We have a 30x30 pen we are using so we are usually leaving them for the day or overnight.  But, nearly every single one we have observed the breeding almost immediately and the the only two we have any questions about is Minnie and Rosemary no others have come back into heat.  Minnie is funny, she is black and has dark skin so she doesn't really show any pinkness or puffiness.  Plus, her cycles are short.


----------



## Fullhousefarm (Nov 15, 2014)

T


OneFineAcre said:


> @Fullhousefarm
> Haven't heard from you in a while
> Was just thinking about Lord Drinian and Arivis
> Can't wait to see babies



They are both doing great. Aravis placed well, IMO, at our November show. She was placed about middle or higher even though she is still on the smaller side and was only days over 6 months, making her the youngest goat in the class. I did get a picture of her partially clipped. She looks lighter clipped.

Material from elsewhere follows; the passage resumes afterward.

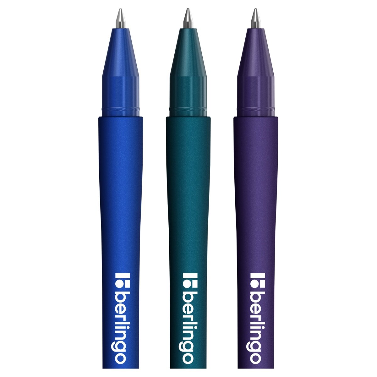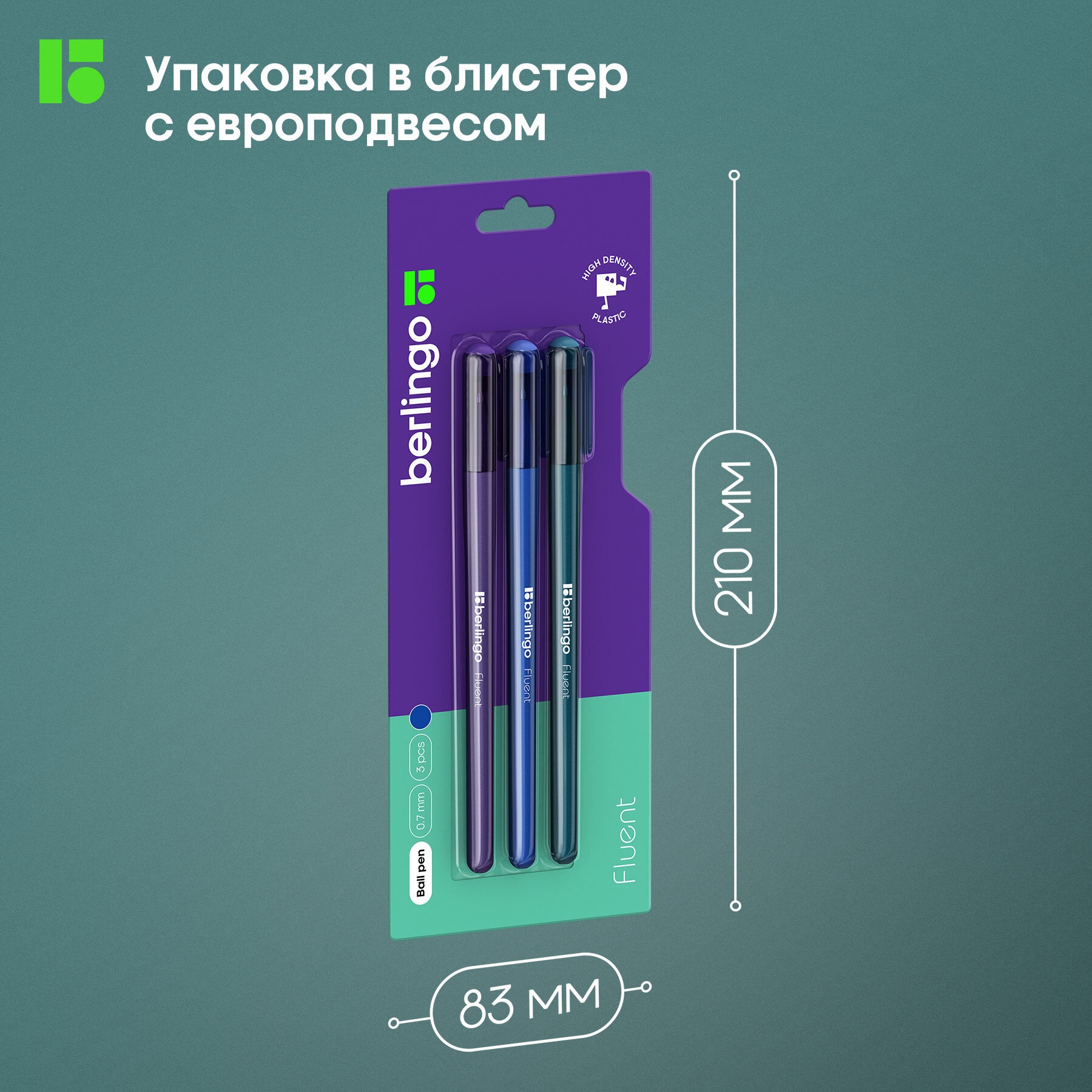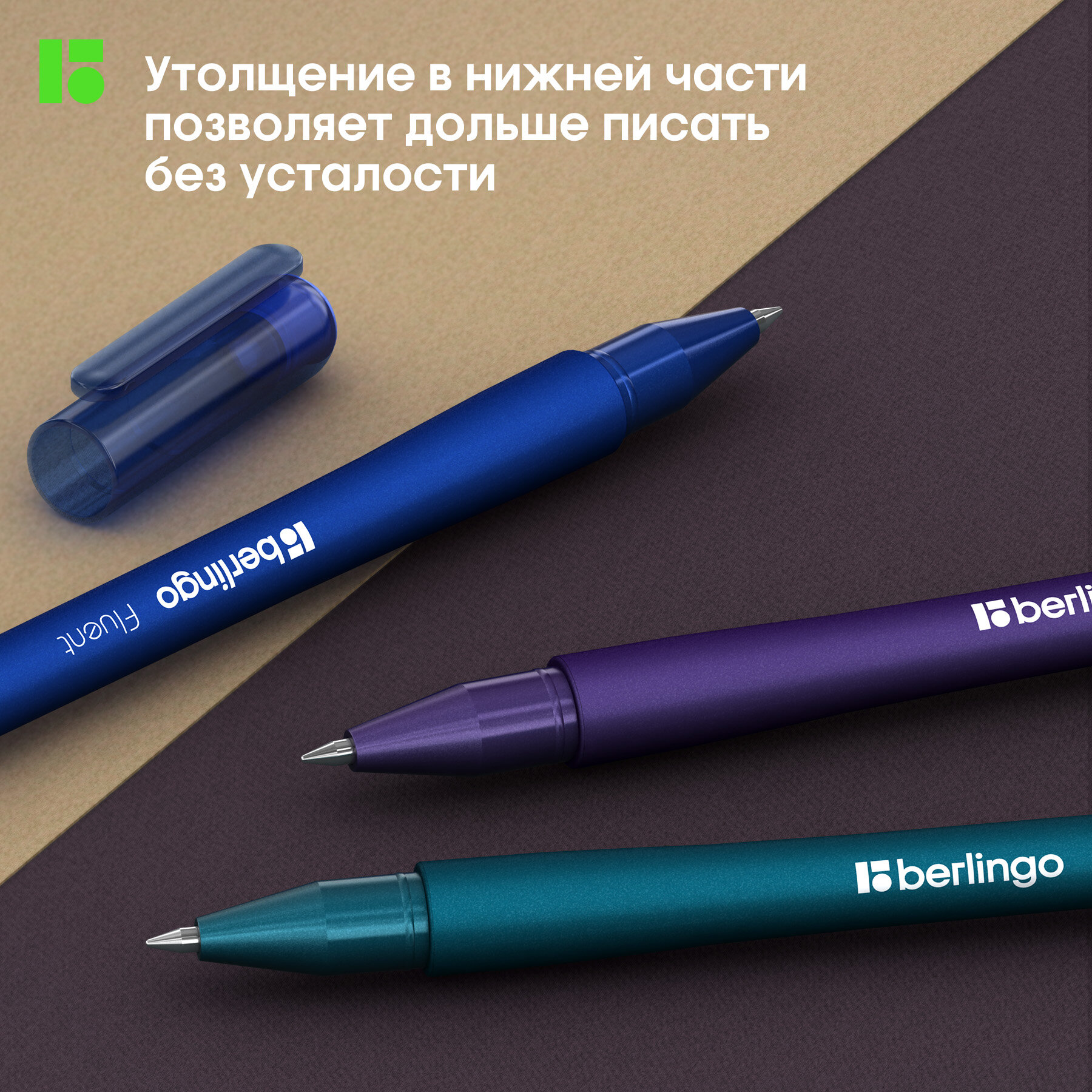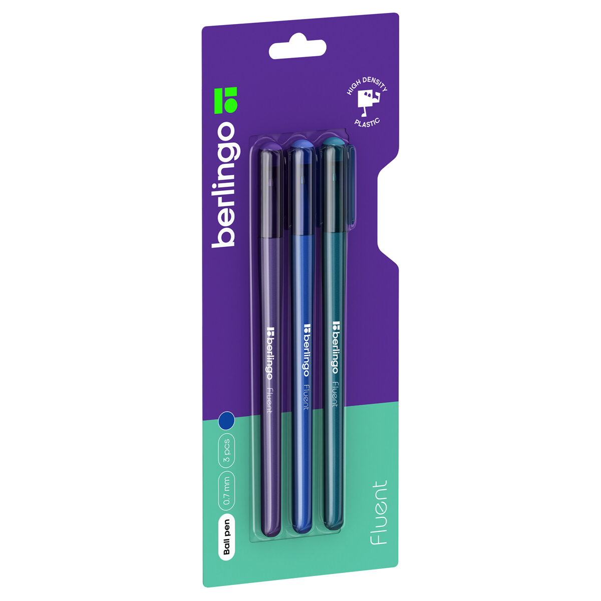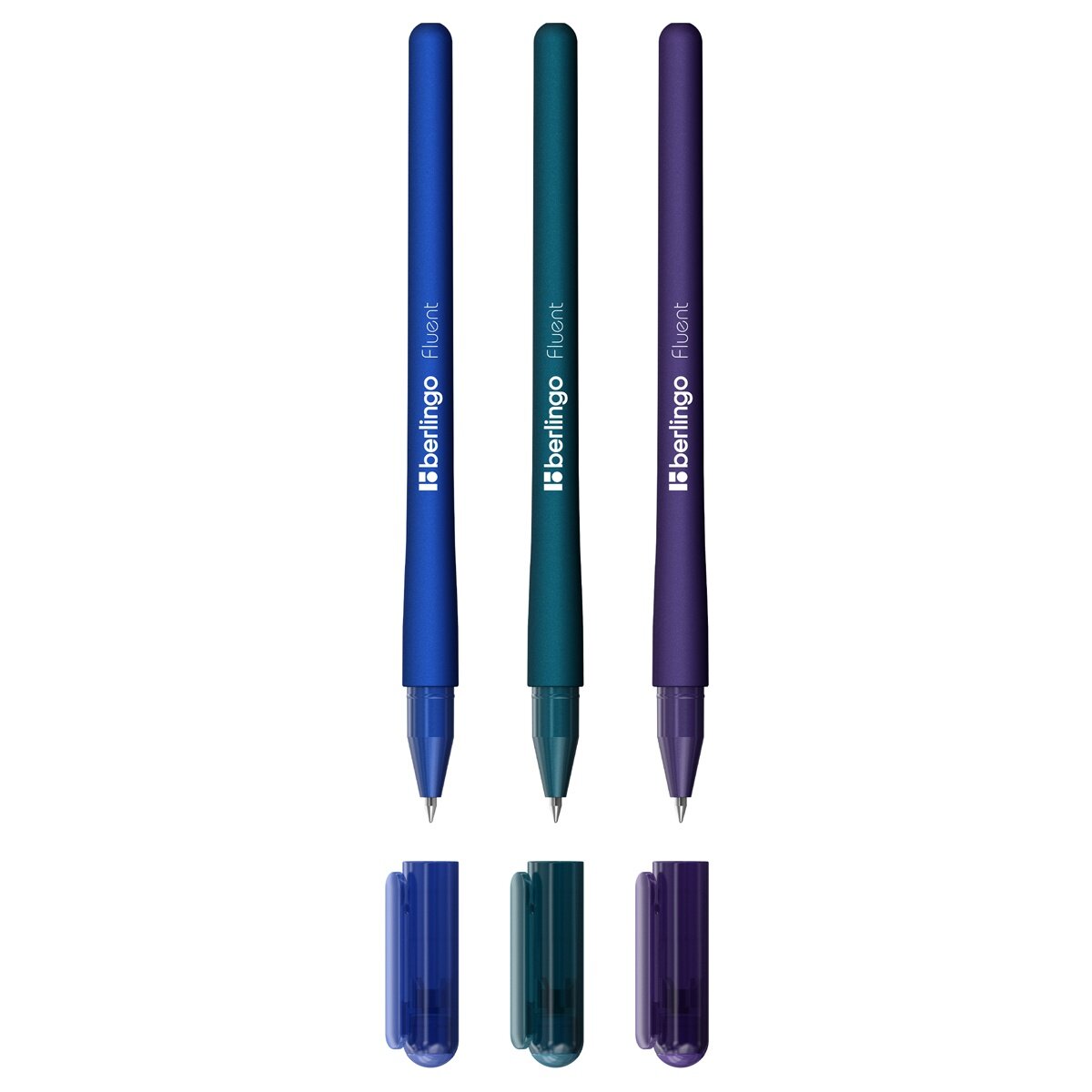 Купить Ручка шариковая Berlingo "Fluent" синяя, 0,7мм, металлопласт, soft touch, 3шт, блистер

Drinian is happy and is pretty bonded to our wether. Our house sitters didn't put his buddy in with him one night when we were gone, and the neighbor said he cried all night <giggle> They put them together the next night. I found a picture from last week of him checking out the Alpine doeling that my daughter is leasing for the State fair.


----------



## OneFineAcre (Nov 15, 2014)

Fullhousefarm said:


> T
> 
> 
> They are both doing great. Aravis placed well, IMO, at our November show. She was placed about middle or higher even though she is still on the smaller side and was only days over 6 months, making her the youngest goat in the class. I did get a picture of her partially clipped. She looks lighter clipped.
> ...



I hope you have some buck shows in the spring


----------



## Fullhousefarm (Nov 16, 2014)

There is a sanctioned Nigee only specialty March 8 and at least one one sanctioned show later in March.


----------